Яростное эхо заметалось между разрисованных восточными мотивами стен.

Я испугалась, что сейчас оглохну, а отец перестал плакать.

– Ну хорошо! – крикнул Райан и поднял руки. – Прекратите! Если хотите получить назад свои соверены, заткнитесь!

Постепенно вопли утихли.

– Джентльмен велел мне говорить, что я – Энн, – решилась признаться одна из женщин.

– А мне называть себя Джейн, – сообщила другая.

– Элизабет, – сказала третья.

– Кэтрин, – подхватила четвертая.

– Нет, это я – Энн.

– Это я – Джейн.

– Это я – Элизабет.

– Это я – Кэтрин.

Отец, до того лежавший скрючившись на скамейке, начал приподниматься. Я поддержала его и, заглянув в глаза, была поражена, как они покраснели от слез и в то же время как ярко сияют голубизной.

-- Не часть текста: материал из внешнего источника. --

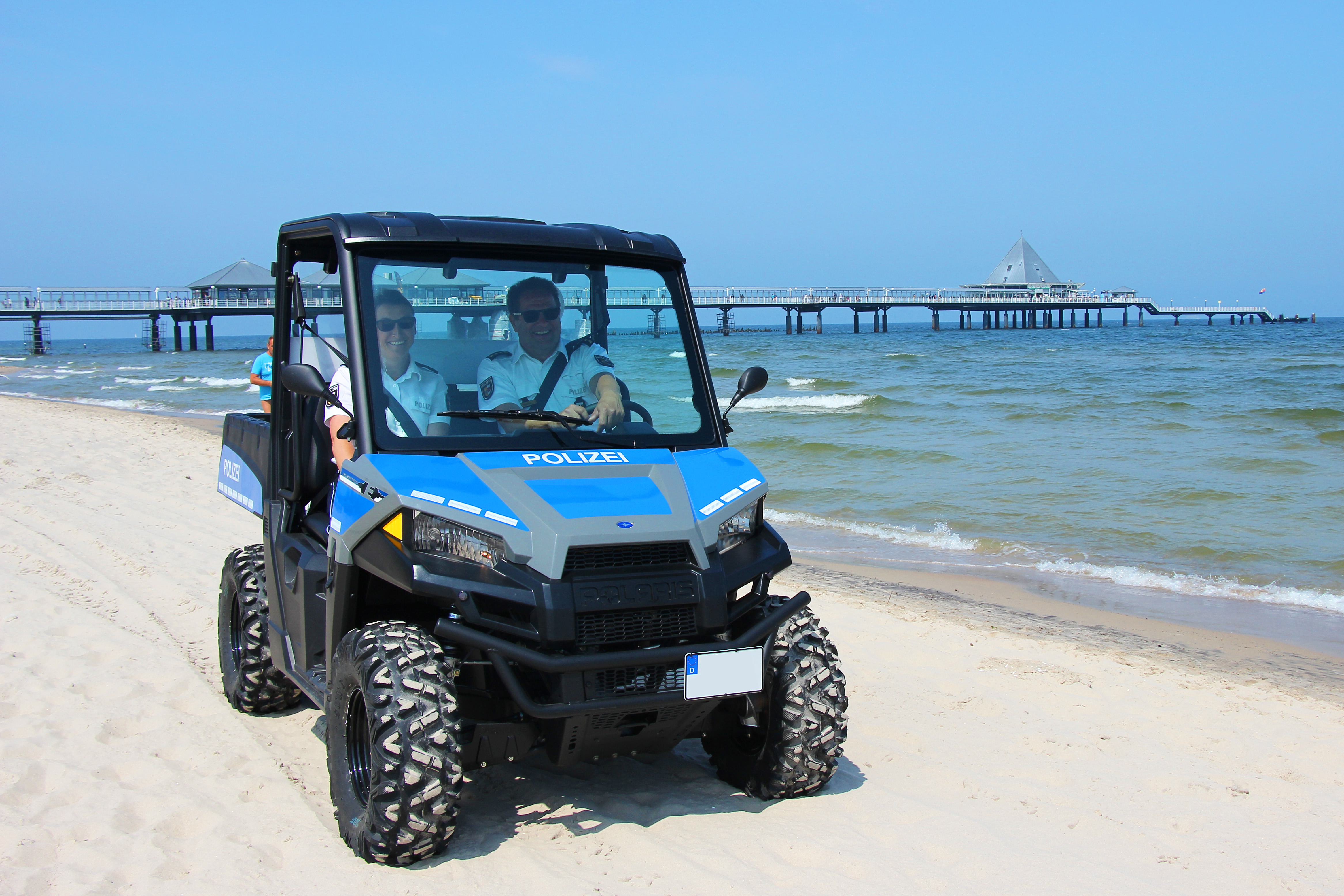 POKin Dörte Seidemann und LPD Gunnar Mächler bei der ersten Streifenfahrt am Strand von Heringsdorf.

А гадкие женщины продолжали надрываться.

И снова Райан гаркнул, перекрикивая шум:

– Перестаньте, черт бы вас побрал!

Жесткий взгляд инспектора и его суровый рык сделали свое дело, хотя эхо криков еще долго гуляло по павильону.

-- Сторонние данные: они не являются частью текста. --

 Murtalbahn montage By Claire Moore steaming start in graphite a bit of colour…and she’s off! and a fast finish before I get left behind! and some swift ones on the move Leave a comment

– Значит, какой-то джентльмен велел вам произносить эти имена, – сказал Райан. – Что за джентльмен?

Женщины надули губы, и никто не ответил.

– Еще раз спрашиваю: что за джентльмен? Опишите его.

Дорис посмотрела на Беккера.

– Мне не нравится, как он со мной разговаривает. Вы намного любезнее.

– Спасибо, Дорис, – улыбнулся констебль. – Расскажи о том джентльмене, и получишь горячий чай.

– Горячий чай?

– Обещаю. – Беккер повернулся к полицейскому у входа. – Уэбстер, вы не сочтете за труд позаботиться о чае?

Констебль посмотрел на Райана, и тот одобрительно кивнул.

– Здесь в парке, неподалеку, есть буфет, – сообщил Уэбстер.

– И нам вернут наши золотые? – капризным тоном поинтересовалась у Беккера Дорис.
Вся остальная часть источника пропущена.